Here, King brings the novella’s themes together: the conflict between excitement and fixation, between what is on the surface and what lurks underneath. In the end, though, “Blockade Billy” suffers from his inability to balance the two. On the one hand, the story has the rosy, backward-looking tone of a John R. Tunis book for boys, with its portrait of an era when “the game was smaller … [and] the players weren’t such a big deal.” On the other, King injects a dose of 1950s darkness (the story takes place in 1957), the sort of bleakness and corruption infused in Bernard Malamud’s 1952 novel “The Natural.”

Like “The Natural” — which was based, in part, on the 1949 shooting of Philadelphia Phillies first baseman Eddie Waitkus by an obsessive fan — “Blockade Billy” has, at its center, an act of violence. But unlike Malamud, King is not interested in a morality tale. Rather, he’s spinning a yarn, a shaggy dog story, with no payoff larger than itself.

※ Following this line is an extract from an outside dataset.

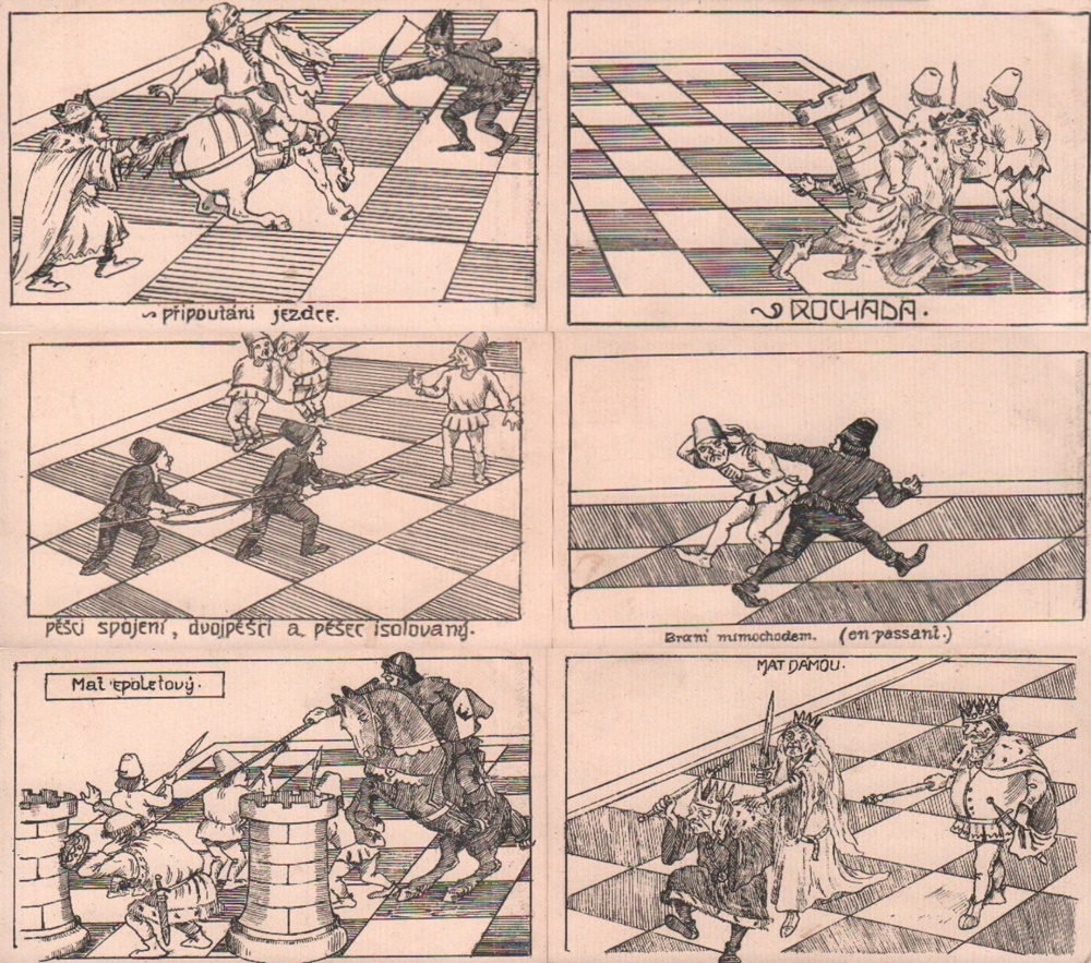 * Die Karten zeigen meist ein Schachmotiv, das zu den jeweiligen

That’s not a criticism, exactly, but it does give “Blockade Billy” too narrow a focus, especially when considered against the enduring weirdness of the game. In a world with Eddie Waitkus, what does Bill Blakely have to tell us, other than that not even baseball players are immune?

“Blockade Billy” is hardly essential King; it’s a short book that he’s given to Cemetery Dance Publications, a small press in Maryland. There’s nothing wrong with that, but you have to wonder if it would have appeared in print any other way. Like all King’s work, it has momentum, but reading it, ultimately, is like watching a big leaguer sit in with a farm team: interesting, perhaps, but without the giddy excitement, the sheer, explosive sense of possibility, that marks the highest levels of the game.